The honest synthesis: the disciplines of thinking can be taught and do help — but not as a content-free inoculation. The evidence favors teaching reasoning, logic, and argument embedded in rich domains, with deliberate attention to transfer, and structured dialogue (the P4C model) as a delivery mechanism. The reform claim is therefore not "add a critical-thinking class and skills will generalize" (the evidence is against that naive version), but "make reasoning, epistemology, and argument explicit and pervasive across a knowledge-rich curriculum." That is a defensible claim. The naive one is not, and Bucket should not make it.
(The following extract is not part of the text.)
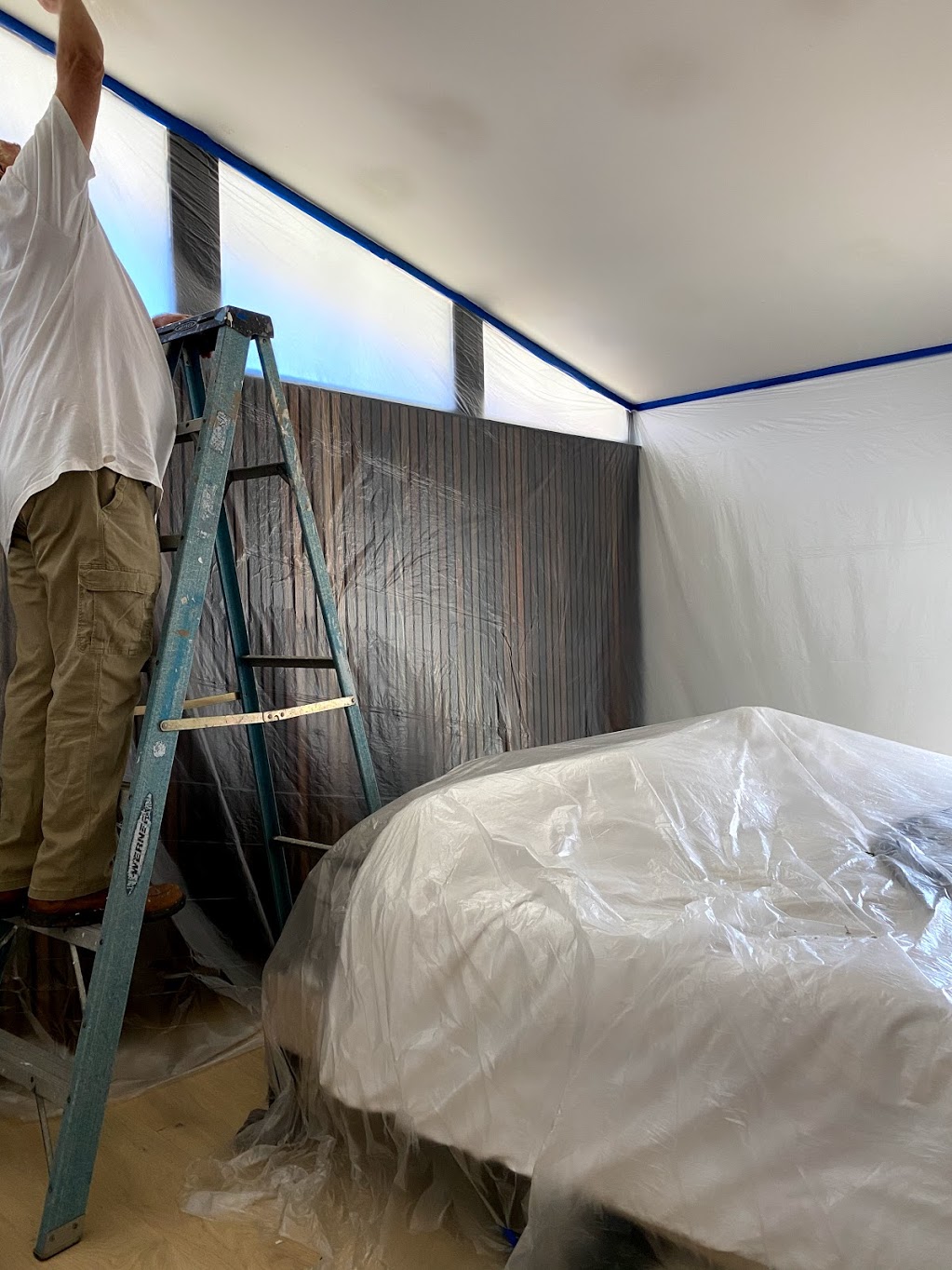The bedroom walls had recently been painted in Dunn Edwards Whisper in their velvet sheen, so just a bit of touch up was needed to cover nail holes and marks. I was hoping to avoid having to paint the ceiling but the patches where we had insulation blown in were VERY noticeable. They had done a light spray of paint but it just never covered well. As I attempted to give it another coat I realized this was a much more involved job and that spot sanding, priming, and painting the whole ceiling would need to be done to make it look right.
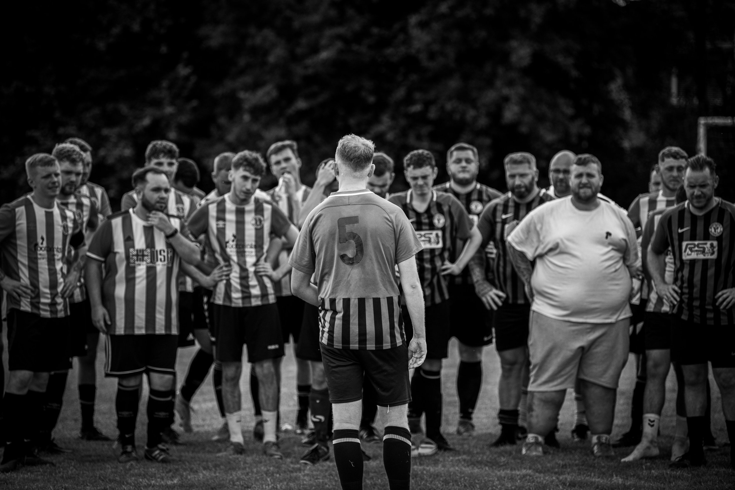 Black and white photo of a soccer team on the field. A player wearing a jersey with the number 5 stands with his back to the camera, facing his teammates.

3. The whole person: agency, curiosity, intrinsic motivation, creativity, play

3.1 The motivational substrate everything else rides on

The first two gaps are cognitive. This one is motivational and developmental — and it may be the most upstream of all, because no metacognitive strategy and no reasoning skill matters in a learner who has stopped wanting to learn. The dominant framework is Deci and Ryan's Self-Determination Theory (SDT), which holds that humans have three innate psychological needs — autonomy (volition, choice), competence (feeling effective), and relatedness (connection) — and that intrinsic motivation flourishes when all three are supported and collapses when any is thwarted (Ryan & Deci, 2000, "Self-Determination Theory and the Facilitation of Intrinsic Motivation," *American Psychologist*; Ryan & Deci, 2020 update, *Contemp. Educ. Psychol.*).

The damaging finding for conventional schooling: the very levers schools lean on hardest — grades, deadlines, directives, surveillance, competition, and tangible rewards — are precisely the controllers that SDT research shows undermine intrinsic motivation, because learners experience them as external control of their behavior (Deci, Koestner & Ryan, "Extrinsic Rewards and Intrinsic Motivation in Education," meta-analysis). Conversely, autonomy-supportive teaching catalyzes greater curiosity, intrinsic motivation, and appetite for challenge. The standard apparatus of the industrial model (brief 02) is, in SDT terms, a machine for converting intrinsic motivation into extrinsic compliance.

3.2 The measurable extinction of curiosity and motivation

This is not theoretical. Intrinsic motivation and curiosity decline measurably and steadily across the school years. Lepper, Corpus, and Iyengar's classic study documented intrinsic motivation falling monotonically from 3rd through 8th grade — a steep, grade-linked decline (Lepper, Corpus & Iyengar, 2005, *J. Educ. Psychol.*). School-related curiosity shows the same trajectory, and the leading proposed cause is educational practice itself — the rise of grades, correctness pressure, and public evaluation, which tend to intensify as standardized testing is introduced in the early grades (curiosity promotion/suppression in classrooms, *ScienceDirect*).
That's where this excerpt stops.